Table of Contents
Curiosity not only kills the cat!
Home Technology peripherals AI AI curiosity doesn't just kill the cat! MIT's new reinforcement learning algorithm, this time the agent is 'difficult and easy to take all'

AI curiosity doesn't just kill the cat! MIT's new reinforcement learning algorithm, this time the agent is 'difficult and easy to take all'

Apr 13, 2023 pm 04:19 PM
ai algorithm mit

Everyone has encountered an age-old problem.

It’s a Friday night and you’re trying to pick a restaurant to eat at, but you don’t have a reservation. Should you wait in line at your favorite restaurant that’s packed with people, or try a new restaurant in the hope of discovering some tastier surprises?

The latter does have the potential to lead to surprises, but this kind of curiosity-driven behavior comes with risks: the food at that new restaurant you try might be even tastier.

Curiosity is the driving force for AI to explore the world, and there are countless examples - autonomous navigation, robot decision-making, optimized detection results, etc.

In some cases, machines use "reinforcement learning" to accomplish a goal. In this process, the AI ​​agent repeatedly learns from good behaviors that are rewarded and bad behaviors that are punished.

AI curiosity doesnt just kill the cat! MITs new reinforcement learning algorithm, this time the agent is difficult and easy to take all

Just like the dilemma humans face when choosing a restaurant, these agents are also trying to balance the time it takes to discover better actions (exploration) and taking the past that results in high rewards time of action (utilization).

Curiosity that is too strong will distract the agent from making a favorable decision, while curiosity that is too weak means that the agent will never be able to discover a favorable decision.

In pursuit of making AI agents have "just the right amount" of curiosity, researchers from MIT's Computer Science and AI Laboratory (CSAIL) created an algorithm that overcomes the problem of AI being too "curious" and problems with being distracted by the task at hand.

The algorithm they developed automatically increases curiosity when needed and decreases it if the agent has enough supervision from the environment that it already knows what to do.

AI curiosity doesnt just kill the cat! MITs new reinforcement learning algorithm, this time the agent is difficult and easy to take all

Paper link: https://williamd4112.github.io/pubs/neurips22_eipo.pdf

After testing with more than 60 video games, this algorithm Able to succeed in exploration tasks of varying difficulty, whereas previous algorithms could only solve easy or hard difficulties individually. This means that AI agents can use less data to learn decision rules and maximize incentives.

"If you have a good grasp of the exploration-exploitation trade-off, you can learn the correct decision rules more quickly, and anything less requires a lot of data, which can mean the consequences of It's suboptimal medical treatment, the site's profits are down, and the robot doesn't learn to do the right thing."

Pulkit Agrawal, one of the study leaders, a professor at MIT and director of the Improbable AI Laboratory, said. ​

Curiosity not only kills the cat!

It seems difficult to explain the psychological basis of curiosity from a psychological perspective. We have not yet fully understood the underlying neurological principles of this challenge-seeking behavior.

With reinforcement learning, this process is emotionally "pruned", stripping the problem down to its most basic level, but the technical implementation is quite complex.

Essentially, an agent should only be curious when there is not enough supervision to try different things, and if there is supervision, it must adjust its curiosity and reduce its curiosity.

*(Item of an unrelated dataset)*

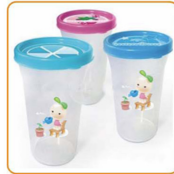
■ YWT-2539 名称: 杯子 尺寸: D80×H140mm 容量: 400ml 箱规: 60×30.5×73.5cm 毛重: 10.5kg 净重: 8.5kg

In the test game tasks, a large part is that the small agent runs around the environment looking for rewards and performs a long series of actions to achieve some goals. This seems to be a logical test of the researchers' algorithm. platform.

AI curiosity doesnt just kill the cat! MITs new reinforcement learning algorithm, this time the agent is difficult and easy to take all

In experiments with games such as "Mario Kart" and "Montezuma's Revenge", researchers divided the above games into two different categories:

One is an environment with sparse supervision, where the agent receives less guidance, which is a "difficult" exploration game; the other is an environment with more intensive supervision, which is a "simple" exploration game.

Suppose in "Mario Kart", just remove all rewards, you don't know when an enemy kills you. You don't get any rewards when you collect a coin or jump over a pipe. The agent is only told at the end how it performed. This is a sparsely supervised environment, which is a difficult task. In this kind of task, algorithms that stimulate curiosity perform very well.

And if the agent is in a densely supervised environment, that is, there are rewards for jumping pipes, collecting coins, and killing enemies, then the best performance is the algorithm with no curiosity at all, because it often gets As a reward, just follow the process and you will get a lot without additional exploration.

AI curiosity doesnt just kill the cat! MITs new reinforcement learning algorithm, this time the agent is difficult and easy to take all

If you use an algorithm that encourages curiosity, the learning speed will be very slow.

Because a curious agent may try to run fast in different ways, wander around, and visit every corner of the game. These things are fun, but they don’t help the agent succeed in the game and receive rewards.

As mentioned above, in reinforcement learning, algorithms that stimulate curiosity and inhibit curiosity are generally used to correspond to sparsely supervised (difficult) and supervised intensive (simple) tasks respectively, and cannot be mixed.

This time, the MIT team’s new algorithm always performed well, no matter what the environment.

Future work may involve returning to a quest that has delighted and troubled psychologists for years: an appropriate measure of curiosity—no one really knows the right way to mathematically define curiosity.

Zhang Weihong, a doctoral student at MIT CSAIL, said:

Tune the algorithm for the problem you are interested in by improving the exploration algorithm. We need curiosity to solve challenging problems, but on some problems curiosity can degrade performance. Our algorithm eliminates the balancing burden of adjusting exploration and exploitation.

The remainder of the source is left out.